Given these entries, repeat exactly the lines starting with the one that has "Tent for Girls!" and going on through the one that has "قالَ الصَّاغانيُّ: وحقُّه", both included, but none of the pictures.

■ Source records ■
────

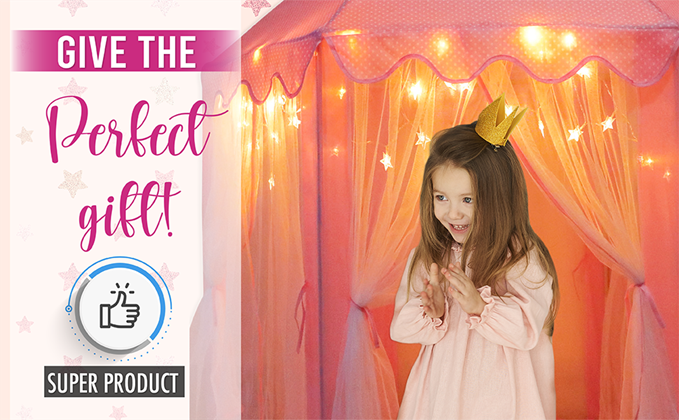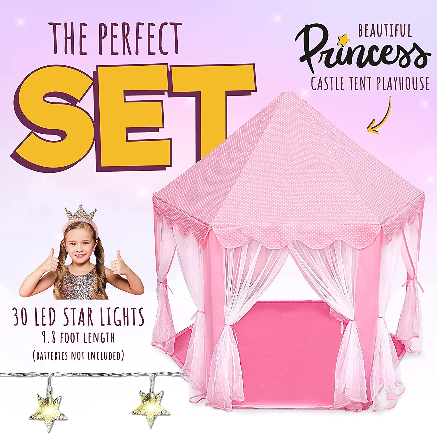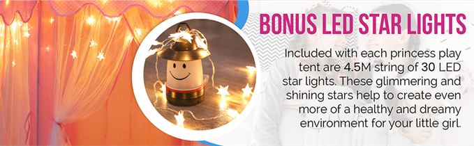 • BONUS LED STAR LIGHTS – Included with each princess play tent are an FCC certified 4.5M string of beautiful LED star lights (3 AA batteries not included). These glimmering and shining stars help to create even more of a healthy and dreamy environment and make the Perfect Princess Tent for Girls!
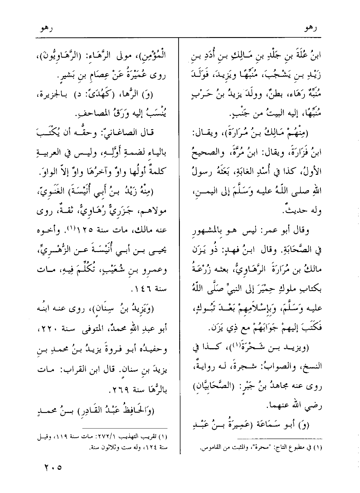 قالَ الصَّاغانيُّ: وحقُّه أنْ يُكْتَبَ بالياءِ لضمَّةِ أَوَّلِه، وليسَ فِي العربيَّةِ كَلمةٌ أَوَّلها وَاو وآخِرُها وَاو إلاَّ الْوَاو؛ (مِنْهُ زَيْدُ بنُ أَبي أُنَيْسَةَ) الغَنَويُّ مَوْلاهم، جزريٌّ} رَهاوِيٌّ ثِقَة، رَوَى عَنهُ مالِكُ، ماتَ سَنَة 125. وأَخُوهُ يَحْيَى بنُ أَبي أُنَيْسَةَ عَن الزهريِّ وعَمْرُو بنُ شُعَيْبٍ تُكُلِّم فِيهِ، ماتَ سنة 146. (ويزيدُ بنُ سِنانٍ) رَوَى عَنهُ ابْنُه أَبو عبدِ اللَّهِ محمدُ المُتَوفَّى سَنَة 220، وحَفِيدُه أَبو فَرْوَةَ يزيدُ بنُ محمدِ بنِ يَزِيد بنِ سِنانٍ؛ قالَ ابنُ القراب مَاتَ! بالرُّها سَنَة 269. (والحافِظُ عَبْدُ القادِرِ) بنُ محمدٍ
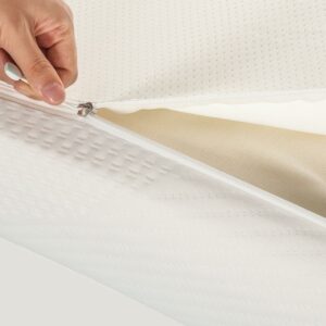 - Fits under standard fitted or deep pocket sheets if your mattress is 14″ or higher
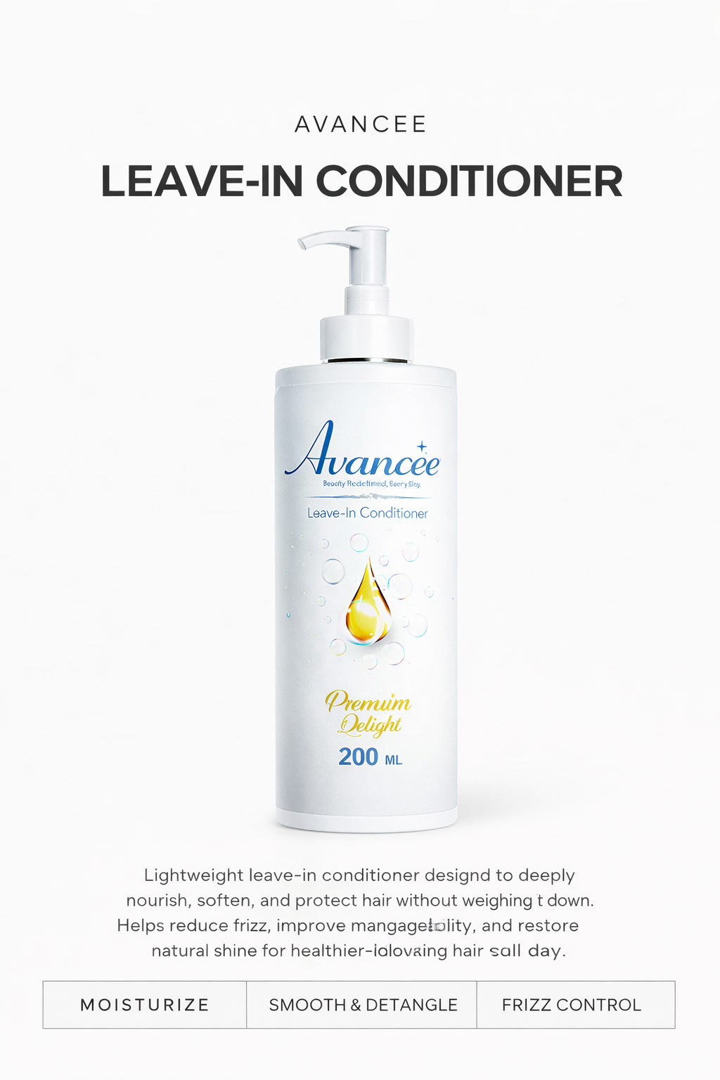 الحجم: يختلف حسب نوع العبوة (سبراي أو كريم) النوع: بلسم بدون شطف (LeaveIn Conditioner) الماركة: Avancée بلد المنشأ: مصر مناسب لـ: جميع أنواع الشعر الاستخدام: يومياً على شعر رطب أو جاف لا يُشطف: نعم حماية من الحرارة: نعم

────

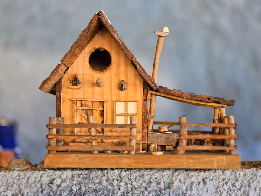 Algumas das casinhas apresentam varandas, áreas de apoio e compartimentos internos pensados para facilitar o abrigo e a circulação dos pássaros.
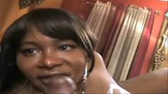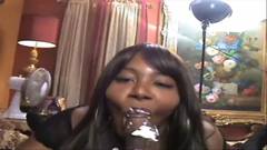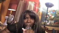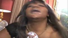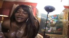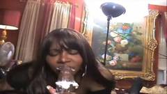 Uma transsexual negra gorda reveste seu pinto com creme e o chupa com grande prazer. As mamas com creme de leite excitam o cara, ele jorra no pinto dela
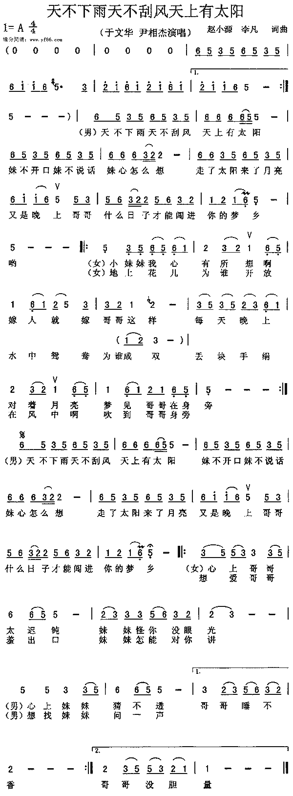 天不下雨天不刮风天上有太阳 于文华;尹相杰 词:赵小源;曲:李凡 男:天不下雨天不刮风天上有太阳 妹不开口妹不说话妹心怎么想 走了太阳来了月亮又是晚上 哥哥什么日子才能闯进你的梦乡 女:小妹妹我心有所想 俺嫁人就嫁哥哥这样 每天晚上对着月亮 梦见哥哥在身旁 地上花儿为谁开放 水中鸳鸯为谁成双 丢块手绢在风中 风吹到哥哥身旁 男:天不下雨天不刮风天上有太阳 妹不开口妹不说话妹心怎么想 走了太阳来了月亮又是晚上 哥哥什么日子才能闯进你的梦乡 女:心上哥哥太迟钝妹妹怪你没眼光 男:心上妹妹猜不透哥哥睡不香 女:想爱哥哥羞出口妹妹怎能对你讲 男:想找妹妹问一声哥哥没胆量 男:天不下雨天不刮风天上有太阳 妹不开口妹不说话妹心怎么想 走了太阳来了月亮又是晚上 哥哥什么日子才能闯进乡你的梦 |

────

■ Exercise answer ■
 • BONUS LED STAR LIGHTS – Included with each princess play tent are an FCC certified 4.5M string of beautiful LED star lights (3 AA batteries not included). These glimmering and shining stars help to create even more of a healthy and dreamy environment and make the Perfect Princess Tent for Girls!
 قالَ الصَّاغانيُّ: وحقُّه أنْ يُكْتَبَ بالياءِ لضمَّةِ أَوَّلِه، وليسَ فِي العربيَّةِ كَلمةٌ أَوَّلها وَاو وآخِرُها وَاو إلاَّ الْوَاو؛ (مِنْهُ زَيْدُ بنُ أَبي أُنَيْسَةَ) الغَنَويُّ مَوْلاهم، جزريٌّ} رَهاوِيٌّ ثِقَة، رَوَى عَنهُ مالِكُ، ماتَ سَنَة 125. وأَخُوهُ يَحْيَى بنُ أَبي أُنَيْسَةَ عَن الزهريِّ وعَمْرُو بنُ شُعَيْبٍ تُكُلِّم فِيهِ، ماتَ سنة 146. (ويزيدُ بنُ سِنانٍ) رَوَى عَنهُ ابْنُه أَبو عبدِ اللَّهِ محمدُ المُتَوفَّى سَنَة 220، وحَفِيدُه أَبو فَرْوَةَ يزيدُ بنُ محمدِ بنِ يَزِيد بنِ سِنانٍ؛ قالَ ابنُ القراب مَاتَ! بالرُّها سَنَة 269. (والحافِظُ عَبْدُ القادِرِ) بنُ محمدٍ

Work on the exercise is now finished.